# Project name: Talk to your document using RAG

### Objective: 

Most of the scenario there should a need to read lenghly blogs, articles and etc but not having enough time or lack of interest makes us not readable. Such scenario RAG can be used to interact with data and retrieve answers. This project is one such application.

# Retrieval agumented generation (RAG) intro:

Retrieval-augmented generation (“RAG”) models combine the powers of pretrained dense retrieval (DPR) and sequence-to-sequence models. 

RAG models retrieve documents, pass them to a seq2seq model, then marginalize to generate outputs. 

The retriever and seq2seq modules are initialized from pretrained models, and fine-tuned jointly, allowing both retrieval and generation to adapt to downstream tasks.

### RAG workflow:
![image.png](attachment:f9306edd-0fce-4911-939b-641b4cb6b5ba.png)


# Project outline:

### 1. Datasource load and text splitting
### 2. Vector embedding-Transform to vector representation
### 3. Vectore database-Store vector embedding in database for easy retrieval
### 4. LLM and RAG model initialization and conversation.

In [60]:
import transformers
import langchain
import torch
import pypdf
from langchain.vectorstores import FAISS

### 1. Datasource load and text splitting: 

In [61]:
from langchain.document_loaders import PyPDFLoader
from langchain.text_splitter import RecursiveCharacterTextSplitter

document=PyPDFLoader("/kaggle/input/mahadev-resume/Mahadev_resume_latest.pdf")
documents=document.load()

text_splitter = RecursiveCharacterTextSplitter(chunk_size=200, chunk_overlap=0)
chunks=text_splitter.split_documents(documents)

### 2. Vector embedding-Transform to vector representation:


In [62]:
from langchain.embeddings import HuggingFaceEmbeddings

modelPath = "/kaggle/input/sentence-transformers"
model_kwargs = {'device':'cpu'}
encode_kwargs = {'normalize_embeddings':False}
embeddings = HuggingFaceEmbeddings(model_name = modelPath,  model_kwargs = model_kwargs, encode_kwargs=encode_kwargs)

### 3. Vectore database-Store vector embedding in database for easy retrieval:


In [63]:
from langchain.vectorstores import FAISS

db = FAISS.from_documents(chunks, embeddings)

Batches:   0%|          | 0/1 [00:00<?, ?it/s]

### 4. LLM and RAG model initialization and conversation:

In [64]:
from transformers import AutoTokenizer, AutoModelForSeq2SeqLM, pipeline
from langchain import HuggingFacePipeline
from langchain.prompts import PromptTemplate
from langchain.chains import RetrievalQA 

# google-flan-T5-large(text to text generation) model initialization:
tokenizer = AutoTokenizer.from_pretrained('google/flan-t5-large')
model = AutoModelForSeq2SeqLM.from_pretrained('google/flan-t5-large')

pipe = pipeline("text2text-generation", model=model, tokenizer=tokenizer)
llm = HuggingFacePipeline(pipeline = pipe, model_kwargs={"temperature": 1, "max_length": 512})

# creating prompt template which will be input instruction to LLM.
template = """Use the following pieces of context to answer the question at the end.
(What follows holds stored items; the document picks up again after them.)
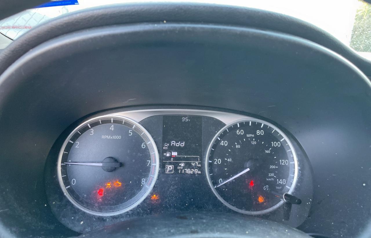The vehicle has significant front-end damage. It has moderate body panel damage and some signs of previous repair. The interior shows normal wear and tear consistent with its age and mileage.
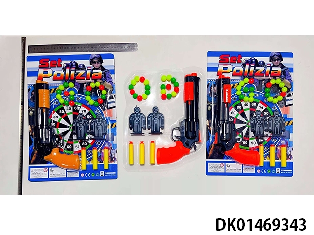 Police kit (handcuffs and badge, parking sign and grenade * 2, walkie talkie and telescope, camera and whistle with keyring and revolver, soft bullet gun and bullets * 10)
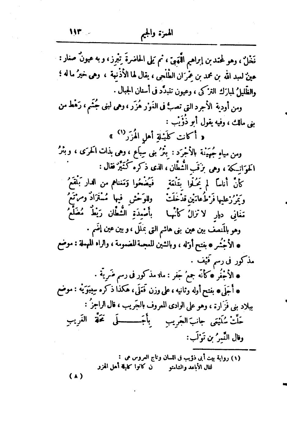 ومن أودية الأجرد التى تصبّ فى الغور هزر، وهى لبنى جشم، رهط من بنى مالك، وفيه يقول أبو ذؤيب:
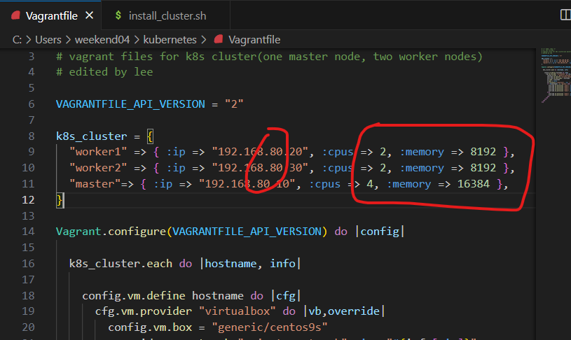 vagrant 로 k8s 을 설치하기 위해 파일 수정
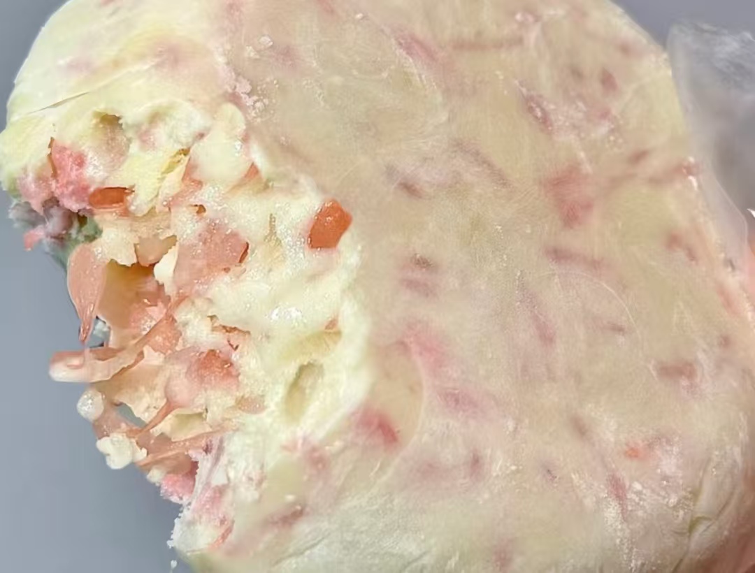 然后把之前处理好的红柚果肉和少许红柚汁倒进酸奶液里,搅的时候动作轻一点,别把果肉搅碎了,让果肉均匀散在酸奶液里就好。要是你喜欢分层的样子,也可以先倒一半酸奶液在模具里,放冰箱冷藏 10 分钟定型,再铺一层红柚果肉,倒剩下的酸奶液,这样成品层次更明显,拍照也更出片。
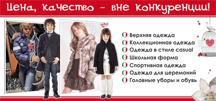 Функциональная, стильная одежда из Италии для мальчиков и девочек от 0 до 16 лет, ассортимент которой насчитывает несколько сотен моделей каждый сезон. Большой выбор спортивных костюмов и джинсов. Красивая подарочная упаковка.
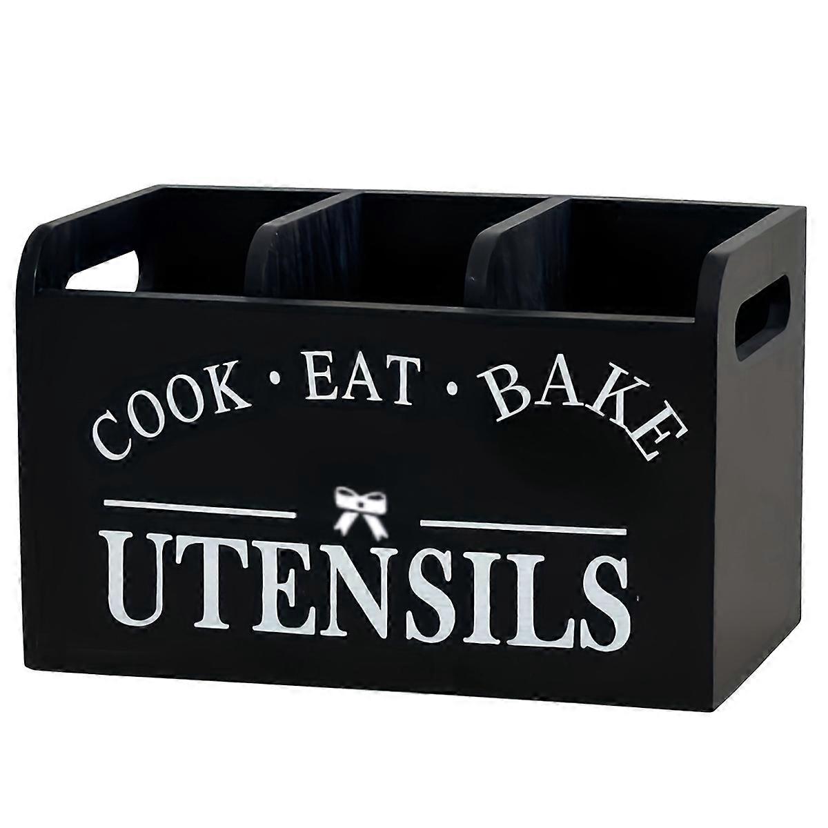 Kitchen Utensil Rack with Three Compartments Rustic Wooden Storage Box Vintage Tableware Farmhouse D
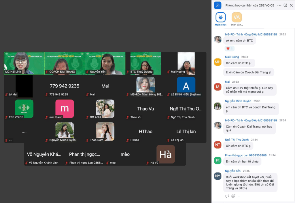 Workshop “Xây dựng thương hiệu giáo viên qua giọng nói” nhận được sự yêu mến đặc biệt từ người tham gia nhờ sự tận tâm và chuyên môn vững vàng của Coach Đài Trang. “Cô giáo sửa kỹ quá, từng lỗi nhỏ cũng không bỏ qua. Mình cảm giác được học đúng cái mình đang thiếu!” – một học viên chia sẻ sau buổi học.

If you don't know the answer, just say that you don't know, don't try to make up an answer.
{context}
Question: {question}
Answer in Italian:"""
QA_CHAIN_PROMPT = PromptTemplate(template=template, input_variables=['context','question'])

# Retreival model retrieves similar vector representation from embedding vector database and pass it to LLM along with prompt template. LLM draws conclusion based on data provided by RAG.
qa_chain = RetrievalQA.from_chain_type(llm=llm, chain_type="stuff", retriever=db.as_retriever(), chain_type_kwargs={"prompt": QA_CHAIN_PROMPT}) 
question= "Where does a person lives as per resume?"
result = qa_chain ({ "query" : question}) 
print(result["result"])

Batches:   0%|          | 0/1 [00:00<?, ?it/s]
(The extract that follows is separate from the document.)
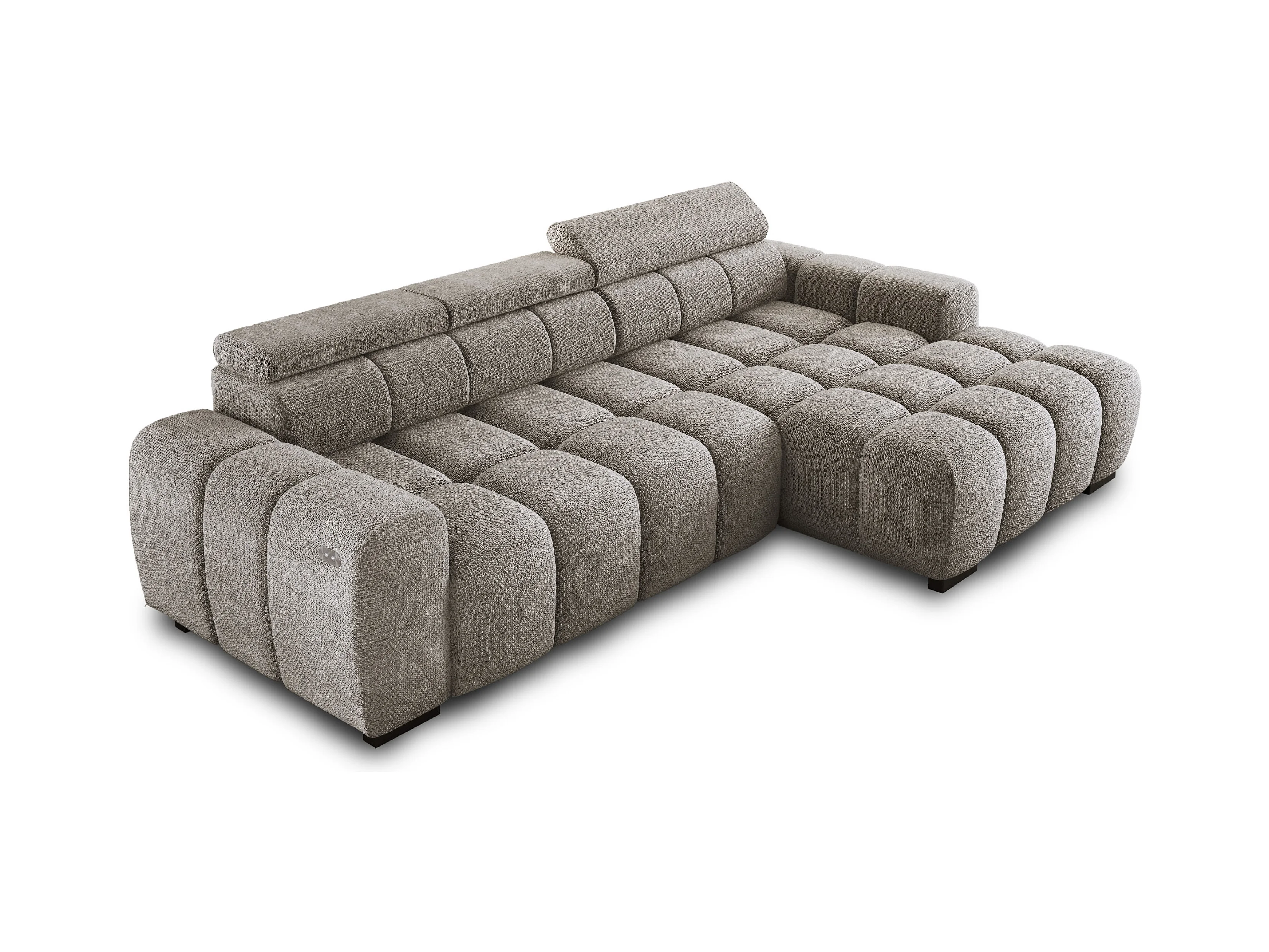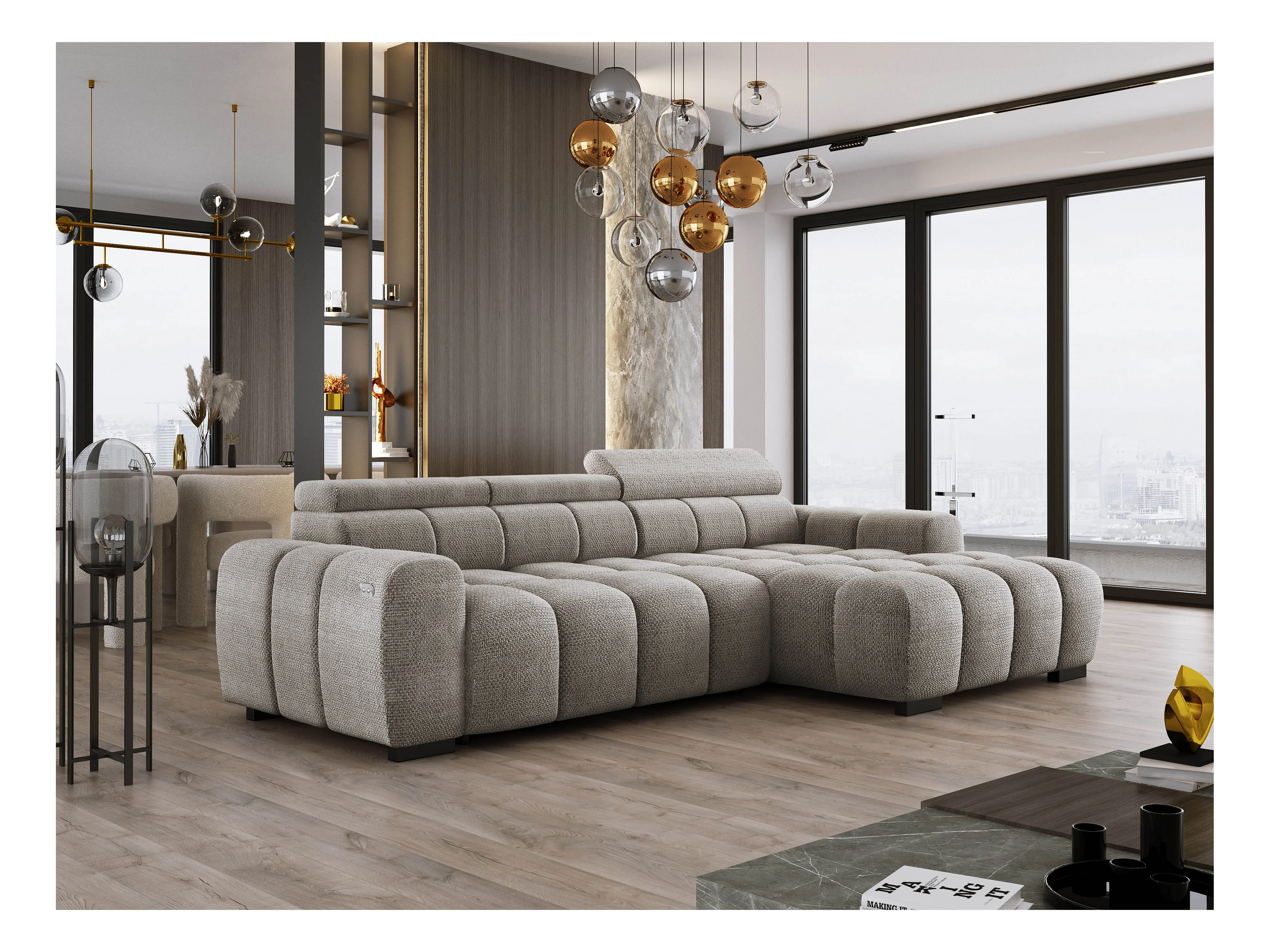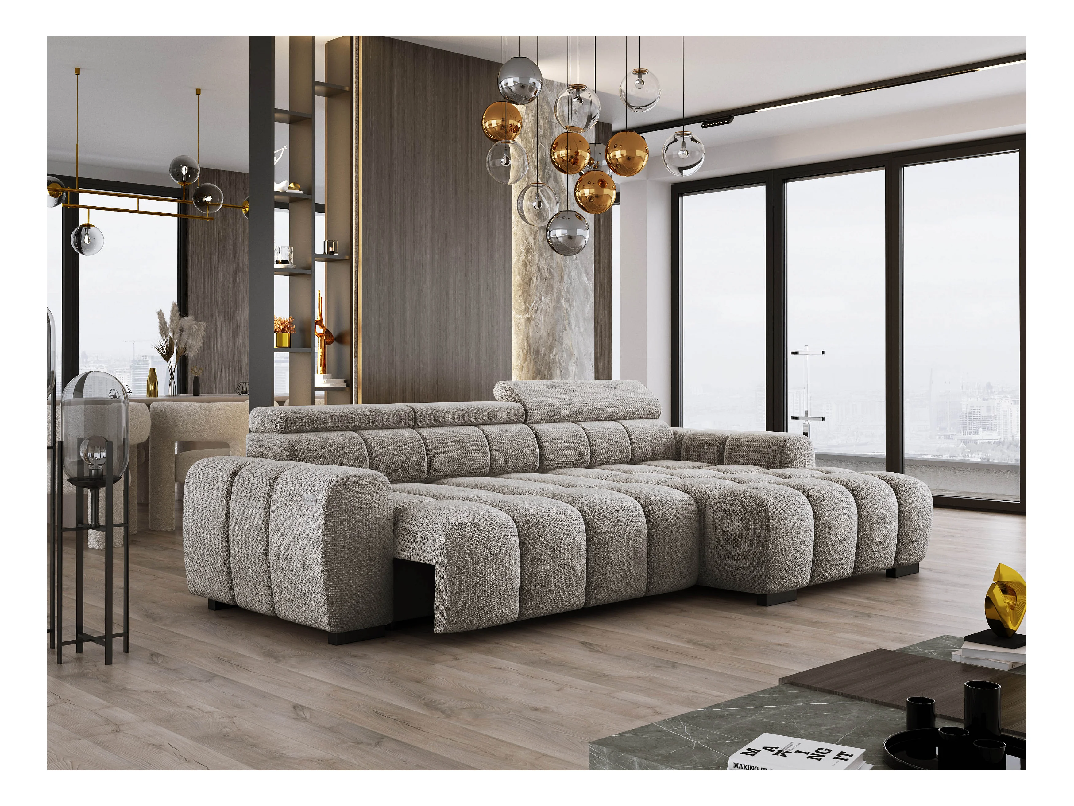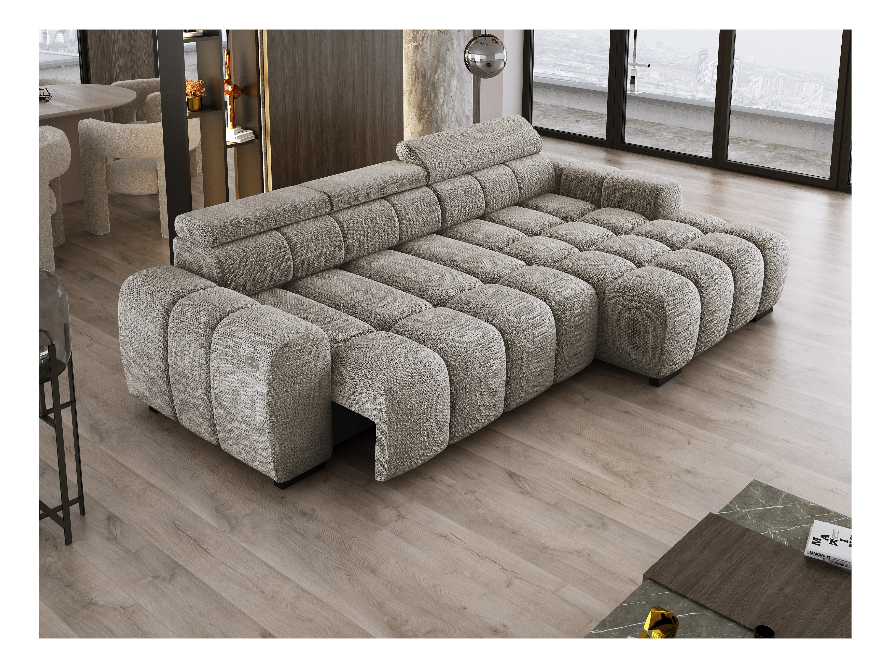 Narożnik BABU z funkcją spania – nowoczesna sofa do salonu, materiał NOW OR NEVER, 300x105x60 cm, prawa strona, SZARY

MSR Green city, Whitefield, Bengaluru – 560066


# Tested prompts with good completions:
question= "What is the person name mentioned in resume?"

question= "Where does a person lives as per resume?"

question= "How many years of experience does a person is having?"

question= "Name any 3 soft skills of person?"

question= "Name potential skills of person relevant to datascience and artificial intelligence field?"

question= "Is person experienced or fresher?"

question= "Does a person having any certifications related to Artificial intelligence. If yes, what are those certificates?"

question= "Does a candidate is having understanding on mathematics. If yes, what are concepts?"